What the task requires -
Keep the images out while you retype all of the data exactly.

Source material -
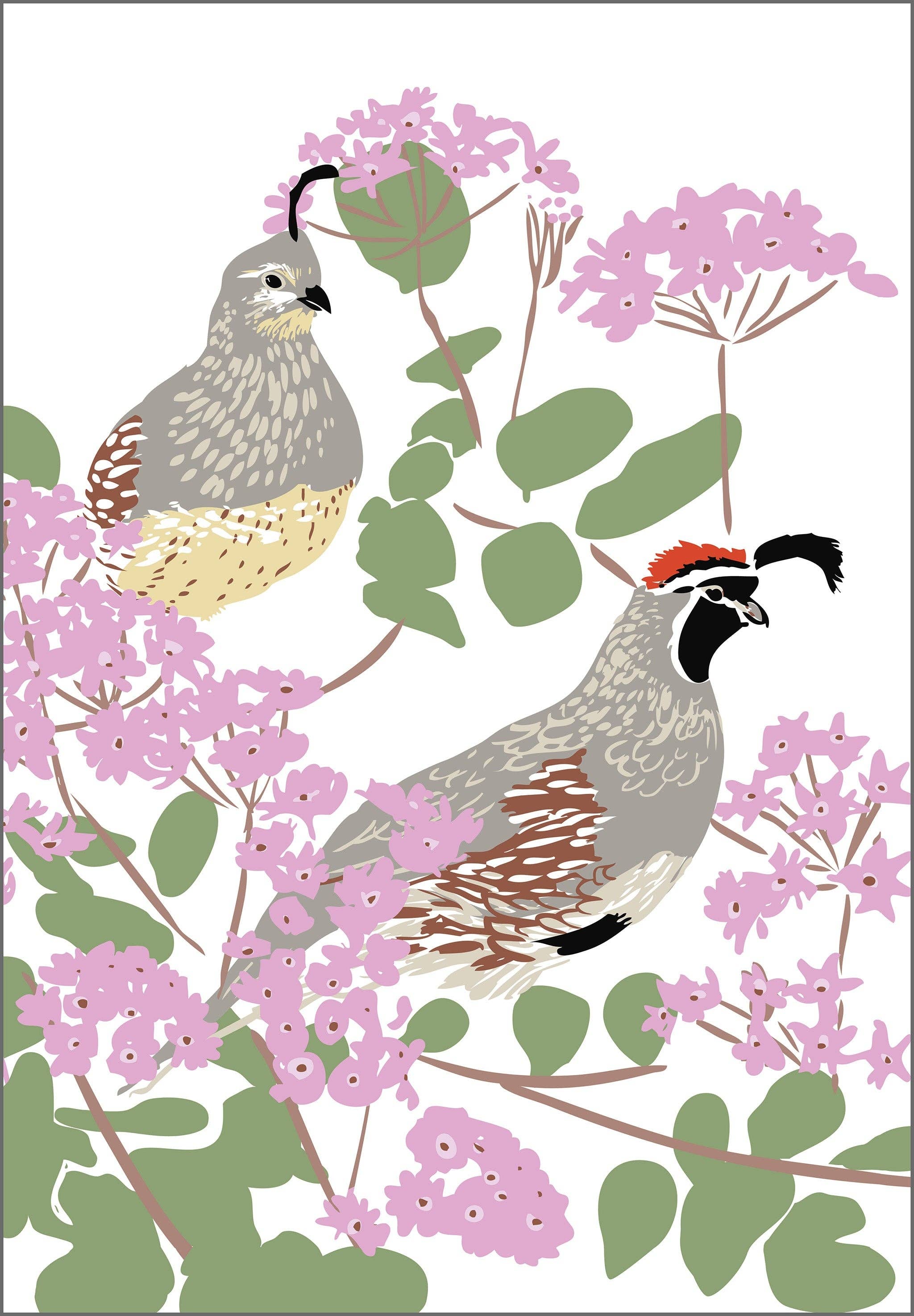 This illustrated postcard features an ode to the neighborhood chickens found across Portland Oregon. It features a barred Plymouth Rock chicken against a lime colored background. Yellow and green hand drawn banners reads "Greetings from Portland" above the chicken and "Oregon" below it. The back of each postcard features 3 address lines and the outline of Oregon to mark the spot for stamp placement in black and white. This postcard is printed in full color and measures 4 by 6 inches each. The front is glossy and the backside is matte, ideal for writing on.
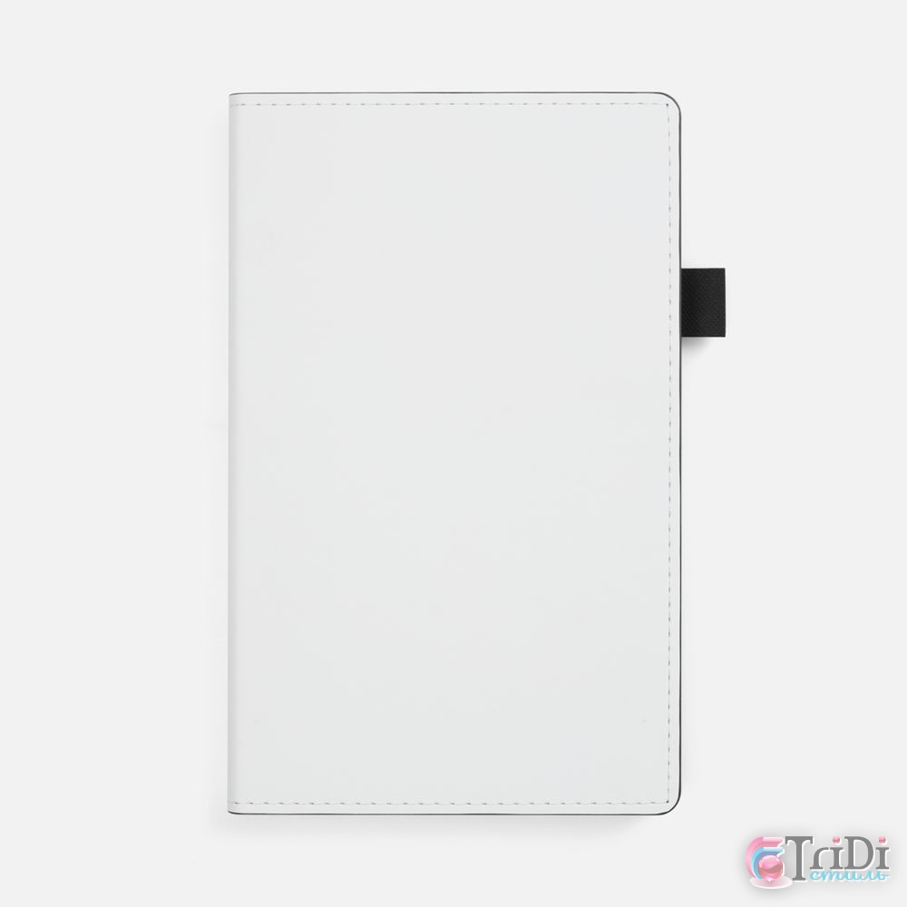Гибкая обложка, материал обложки — Soft Touch, белый BB и Latte, черный АА; материал петли для ручки — Nice Touch, черный АА. Срез обложки окрашен в черный цвет.
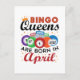 Bingo födelsedagsdesign är perfekt present för kvinnor med April födelsedagar som älskar att spela bingo. Bingo drottning nyhetsdesign är en bra födelsedagspresent för bingo mormor.
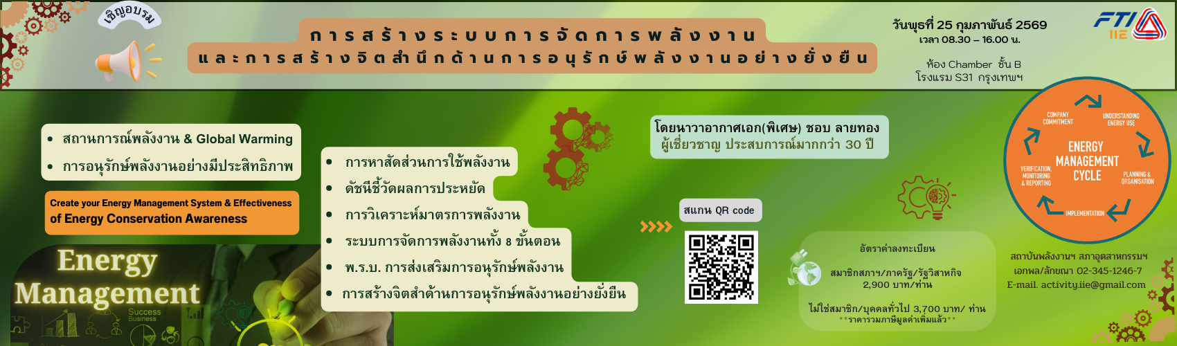 🌈 สถาบันพลังงานฯ สภาอุตสาหกรรมฯ ขอเชิญอบรมเรื่อง “การสร้างระบบการจัดการพลังงานและการสร้างจิตสำนึกด้านการอนุรักษ์พลังงานอย่างยั่งยืน”

Solved problem -
 This illustrated postcard features an ode to the neighborhood chickens found across Portland Oregon. It features a barred Plymouth Rock chicken against a lime colored background. Yellow and green hand drawn banners reads "Greetings from Portland" above the chicken and "Oregon" below it. The back of each postcard features 3 address lines and the outline of Oregon to mark the spot for stamp placement in black and white. This postcard is printed in full color and measures 4 by 6 inches each. The front is glossy and the backside is matte, ideal for writing on.
Гибкая обложка, материал обложки — Soft Touch, белый BB и Latte, черный АА; материал петли для ручки — Nice Touch, черный АА. Срез обложки окрашен в черный цвет.
 Bingo födelsedagsdesign är perfekt present för kvinnor med April födelsedagar som älskar att spela bingo. Bingo drottning nyhetsdesign är en bra födelsedagspresent för bingo mormor.
 🌈 สถาบันพลังงานฯ สภาอุตสาหกรรมฯ ขอเชิญอบรมเรื่อง “การสร้างระบบการจัดการพลังงานและการสร้างจิตสำนึกด้านการอนุรักษ์พลังงานอย่างยั่งยืน”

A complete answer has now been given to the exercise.